Not to hijack your thread Troutslayer but, we've got an 08' GMC Sierra CC 1500 and it has 69K and some change on it. It's been to 3 different dealers since around 38K for Reduced engine power, service stabile-track & check engine light on. Between the three dealers they've replaced the gas petal, EMC, fuel pump and a wire in the harness. Going down the HWY set on 75mph throws all the codes out of the blue with no warning at all !!! It's very frustrating none of them have been able to pin point the problem, matter of fact it's at the dealer right now for this problem. Took it yesterday morning and he said they can't figure it out are you kidding me !!! They can keep it, probably going to buy a Ford. I understand your frustration don't know if if these two problems or related or not. Maybe it's a GM thing.


----------



## ibtbone (Oct 7, 2013)

Copano/Aransas said:


> Not to hijack your thread Troutslayer but, we've got an 08' GMC Sierra CC 1500 and it has 69K and some change on it. It's been to 3 different dealers since around 38K for Reduced engine power, service stabile-track & check engine light on. Between the three dealers they've replaced the gas petal, EMC, fuel pump and a wire in the harness. Going down the HWY set on 75mph throws all the codes out of the blue with no warning at all !!! It's very frustrating none of them have been able to pin point the problem, matter of fact it's at the dealer right now for this problem. Took it yesterday morning and he said they can't figure it out are you kidding me !!! They can keep it, probably going to buy a Ford. I understand your frustration don't know if if these two problems or related or not. Maybe it's a GM thing.

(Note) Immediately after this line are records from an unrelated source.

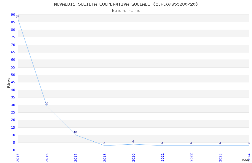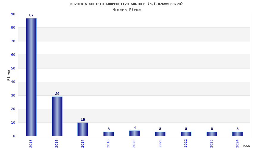 | Anno | Firme | Importi | Media | Naz. | Reg. | Prov. | Comu. |
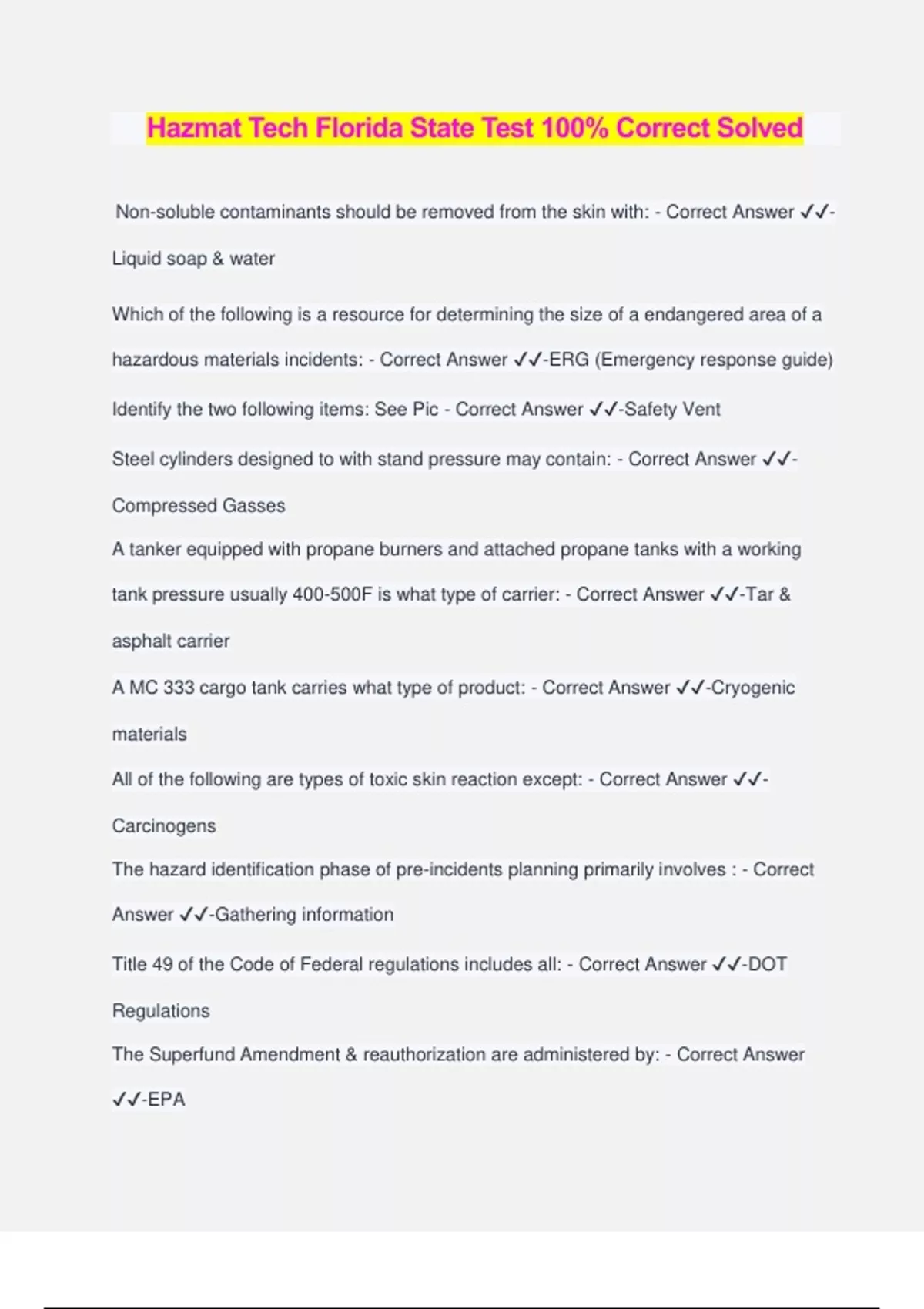 Hazmat Tech Florida State Test 100% Correct Solved Non-soluble contaminants should be removed from the skin with: - Correct Answer ️️ - Liquid soap & water Which of the following is a resource for determining the size of a endangered area of a hazardous materials incidents: - Correct Answer ️️ -ERG (Emergency response guide) Identify the two following items: See Pic - Correct Answer ️️ -Safety Vent Steel cylinders designed to with stand pressure may contain: - Correct Answer ️️ - Compressed Gasses A tanker equipped with propane burners and attached propane tanks with a working tank pressure usually 400-500F is what type of carrier: - Correct Answer ️️ -Tar & asphalt carrier A MC 333 cargo tank carries what type of product: - Correct Answer ️️ -Cryogenic materials All of the following are types of toxic skin reaction except: - Correct Answer ️️ - Carcinogens The hazard identification phase of pre-incidents planning primarily involves : - Correct Answer ️️ -Gathering information Title 49 of the Code of Federal regulations includes all: - Correct Answer ️️ -DOT Regulations The Superfund Amendment & reauthorization are administered by: - Correct Answer ️️ -EPA Compressed gases are defined by DOT as having a absolute pressure exceeding: - Correct Answer ️️ -40 psi at 70 F What measures the ability of a liquid to evaporate, that is, to change from a liquid to a gas: - Correct Answer ️️ -Vapor Pressure On a combustible gas indicator with a reading in % LRL, the reading indicate 0-100% of: - Correct Answer ️️ -The lower explosive limit Which of the following chemicals can produce methemoglobinemia: - Correct Answer ️️ -Nitrates The longest approved airline for supplied air respirators are: - Correct Answer ️️ -300 ft A placard with a Class Division number 4.2 at the bottom of the placard would be: - Correct Answer ️️ -Spontaneous combustible material How are subsidiary placards be distinguished from primary placards: - Correct Answer ️️ -Subsidiary placards do not carry class or UN number If your monitoring a gas with a LEL of 2% and your combustible gas indicator reading 50% LEL what is the actual percentage of gas in the atmosphere: - Correct Answer ️️ - 1% PID are generally used to detect: - Correct Answer ️️ -Organic vapors and gases in low ppm ranges Class 5 material such as ammonium nitrate fertilizers include what group: - Correct Answer ️️ -Organic Peroxides Carboxyhemoglobin occur when the carbon monoxide inhibits: - Correct Answer ️️ -the bloods inability to carry oxygen Asphyxiants is a substance: - Correct Answer ️️ -deprives the body of oxygen Victims of heat stroke experiences: - Correct Answer ️️ -Rapid, strong pulse & flushed dry skin A 'pyrophoric' materials describes a material that spontaneously ignites in air at or below : - Correct Answer ️️ -130F Substances added to monomers to prevent them from polymerizin
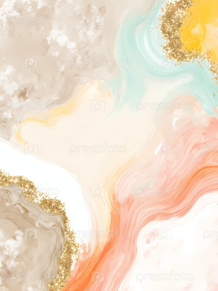Мягкие пастельные оттенки гармонично сочетаются с блестящими золотыми акцентами, создавая увлекательный абстрактный дизайн
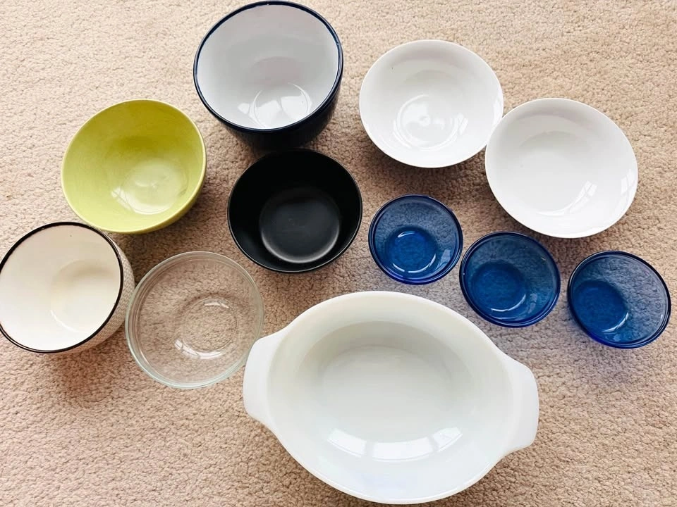 11 glass bowls in small, medium & large sizes
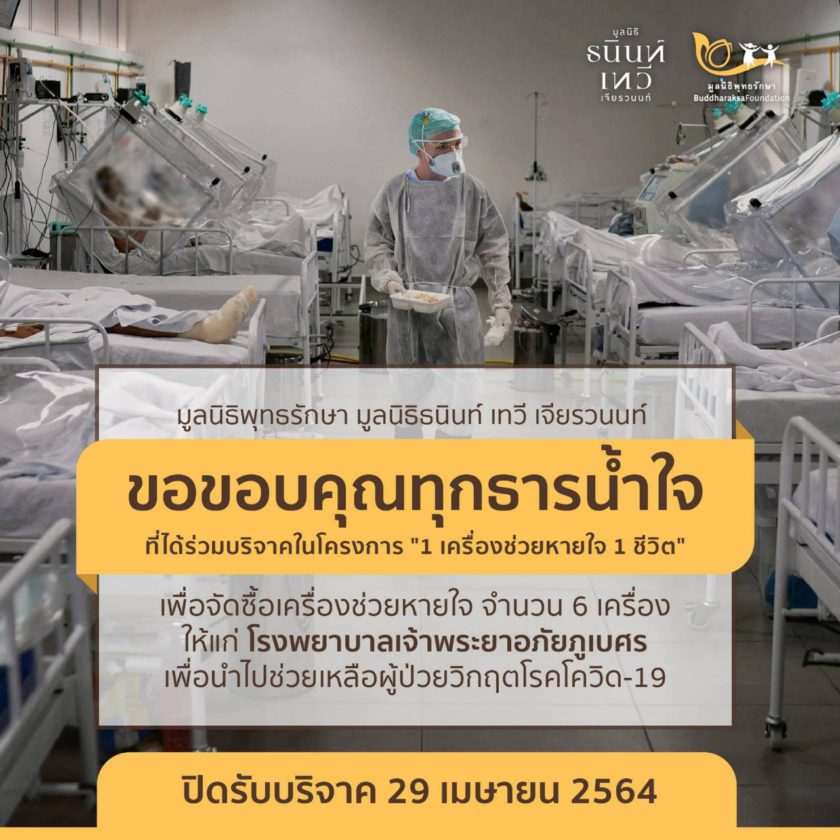 “1 เครื่องช่วยหายใจ 1 ชีวิต” มูลนิธิพุทธรักษา มูลนิธิธนินท์ เทวี เจียรวนนท์ ขอขอบคุณผู้มีจิตศรัทธาทุกท่านที่ได้ร่วมบริจาคเงินเพื่อจัดซื้อเครื่องช่วยหายใจภายในสองวันมากถึงสี่ล้านหกแสนสองหมื่นบาท
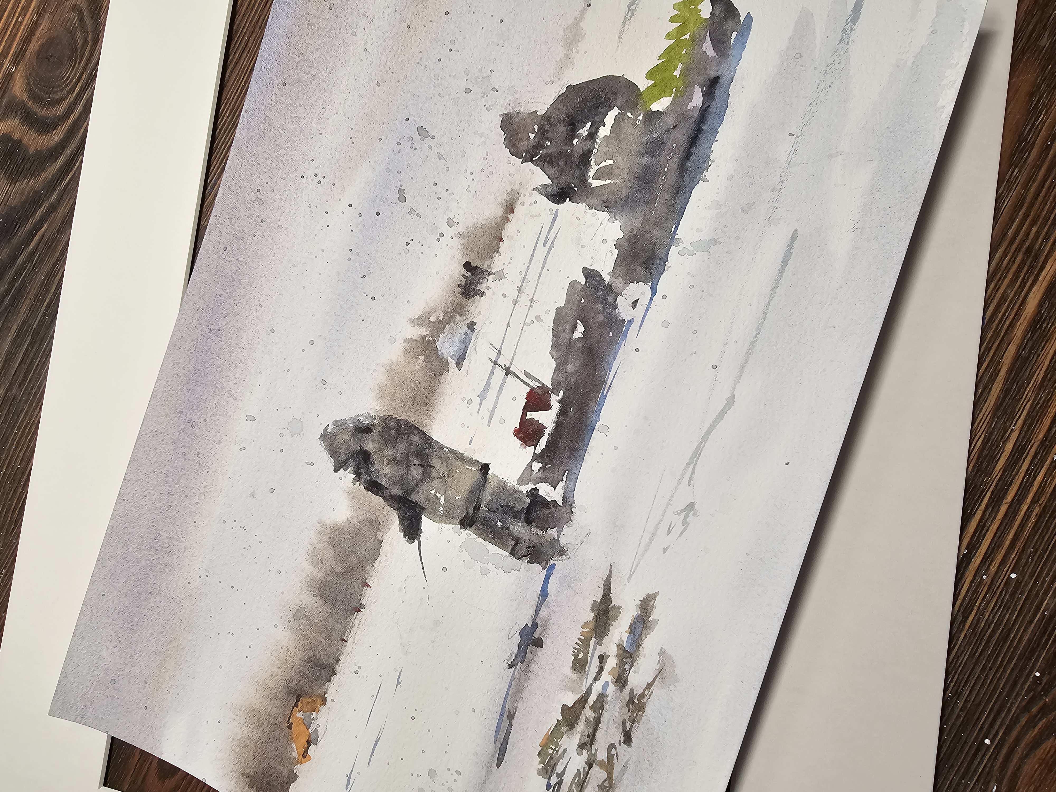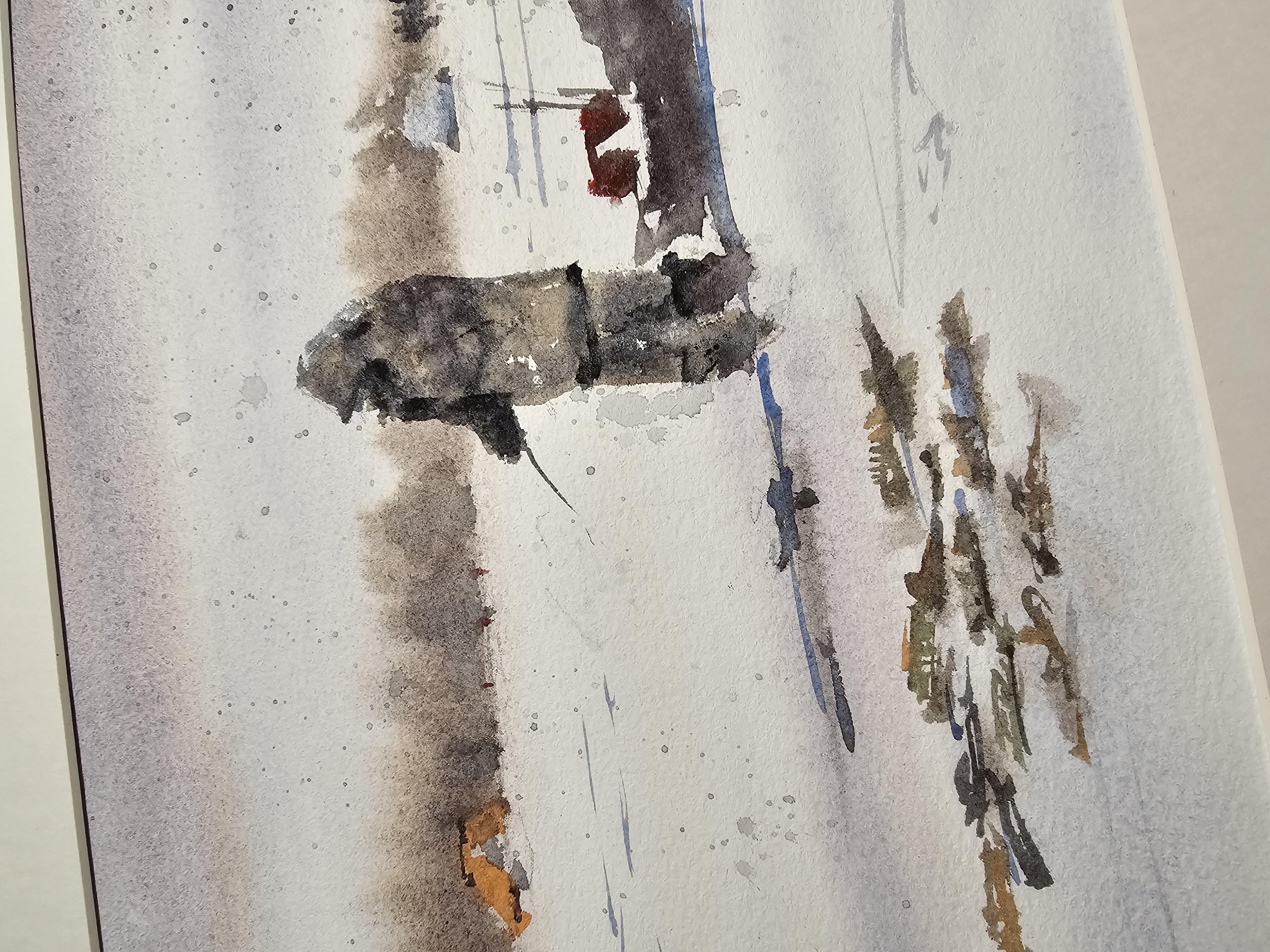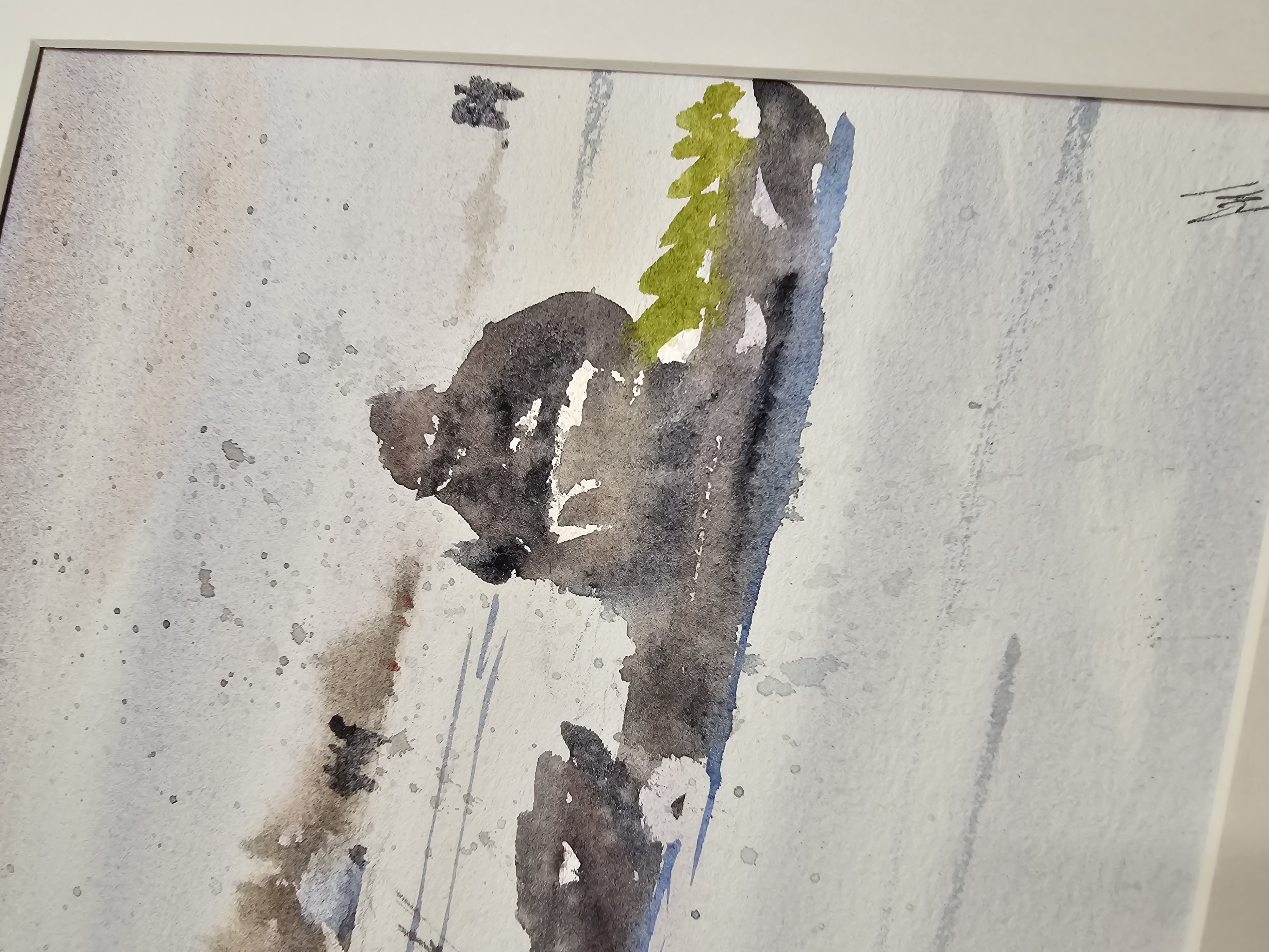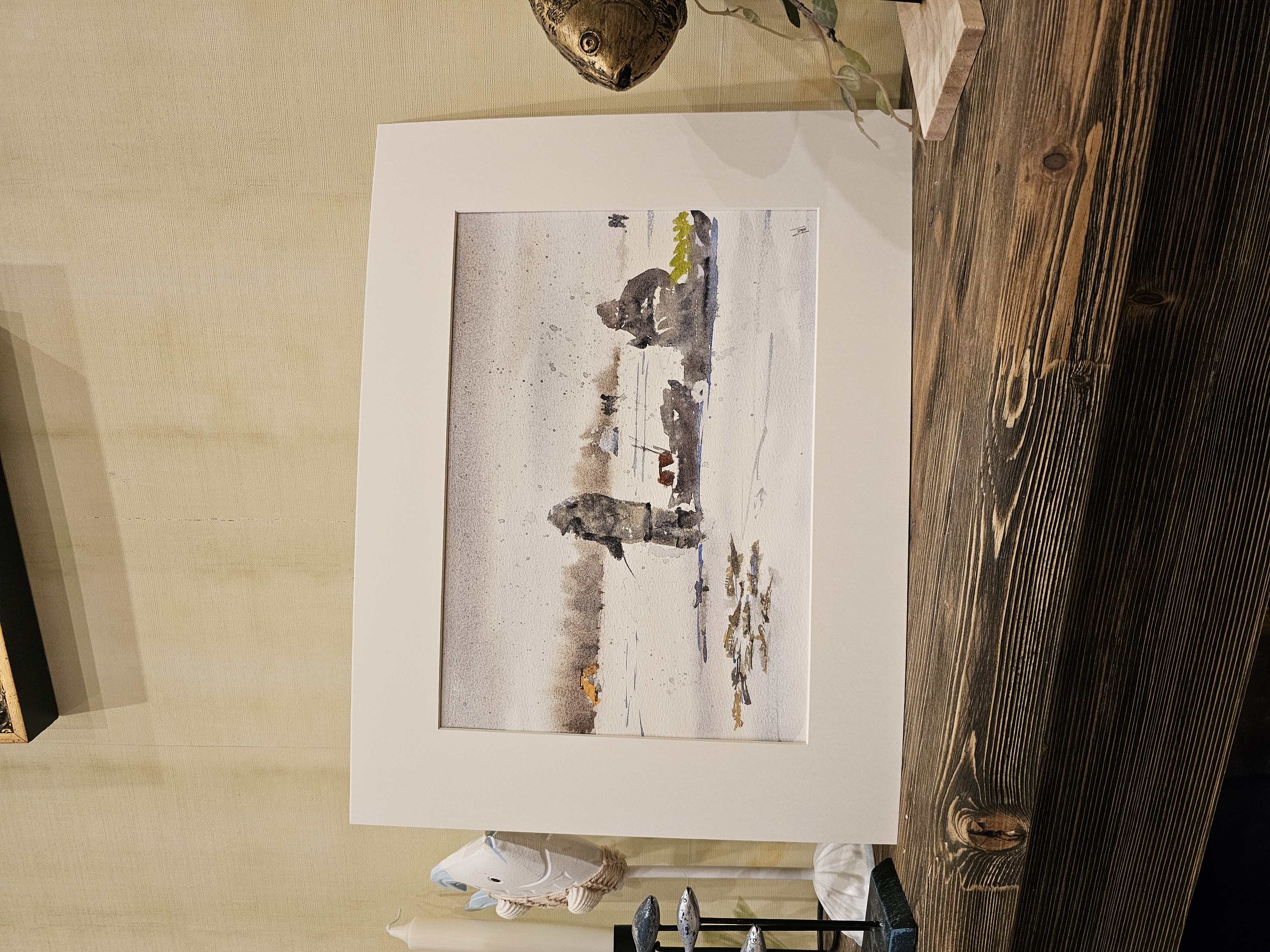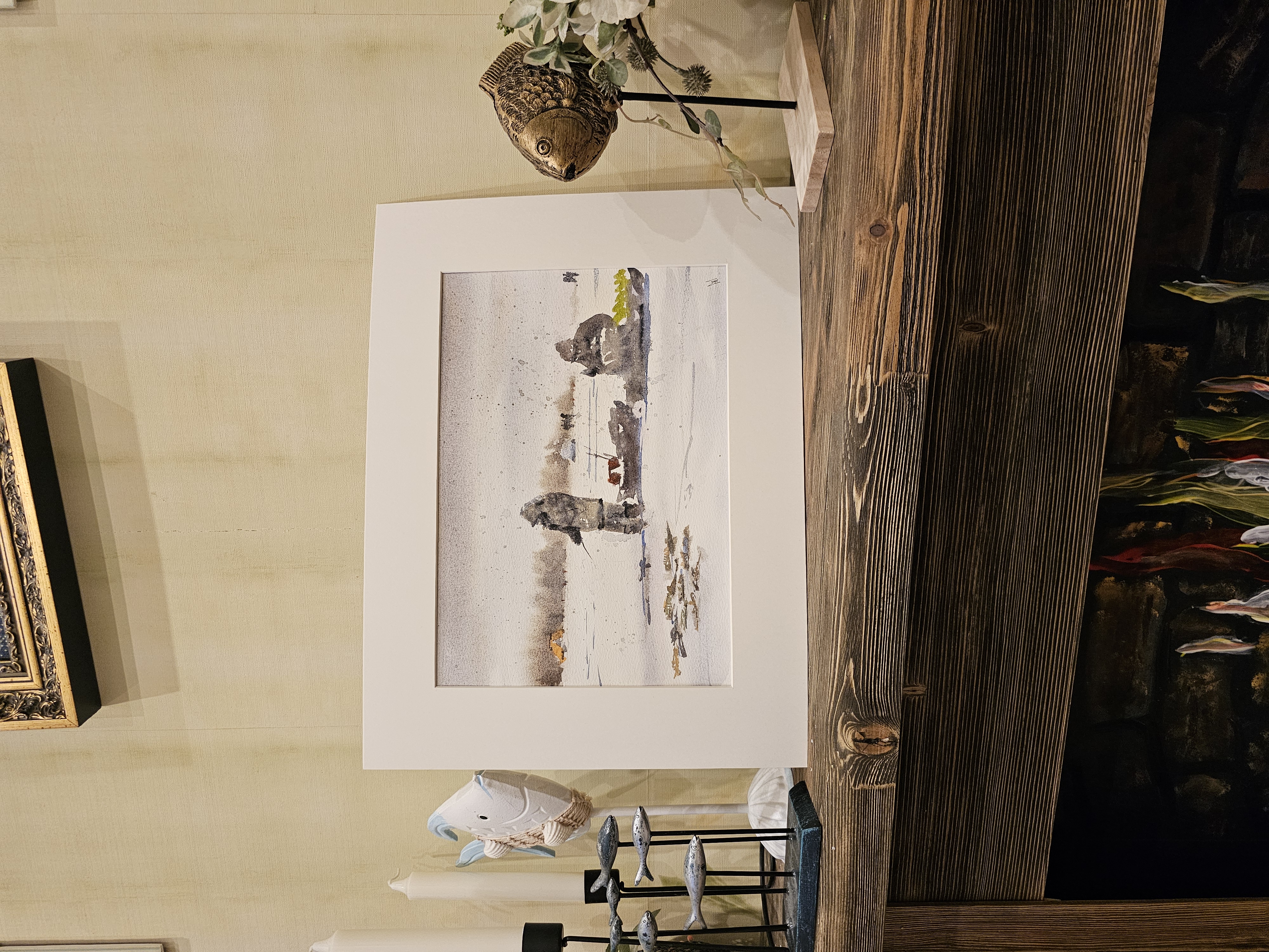 Нам представлена акварельная картина, на которой изображены два человека, занимающихся зимней рыбалкой на замерзшем водоеме. Один человек стоит с удочкой, а другой сидит рядом с санями, на которых находятся различные предметы, возможно, рыболовные принадлежности. На заднем плане виднеются деревья и несколько палаток других рыбаков. Работа оформлена в светлое паспарту и готова к размещению в стандартной раме 30*40 см.

not related to his problems, but will help yours, if the code is a 2138 then we build a new 6 wire harness and eliniminate 2 pass through connectors, takes away potential voltage drop,wire it between the ecm and the accel pedal, some what connom for those trucks.


----------



## troutslayer (Feb 7, 2006)

No updates as of yet....same ole chit


----------



## goodwood (Mar 30, 2009)

i was dealing with trouble codes recently with my 64 powerstroke. one day the truck shut down completely. long story short it turned out to be a bad hdmi cable on the mini max. might be worth a shot to change out. apparently its common for the hdmi cables to go out and cause all kinds of problems.


----------



## troutslayer (Feb 7, 2006)

Well.....update

Had to replace the mass air sensor...and the fuel pump regulator

About $850 in parts and the problem is solved.......

evidently the parts were bad enough to throw into limp mode but not enough to throw a code if that makes any sense......

BTW...this is what the shop stated.....I might have been BSed.....but the problem is solved non the less


----------



## snapperlicious (Aug 11, 2009)

Glad you got it figured out


----------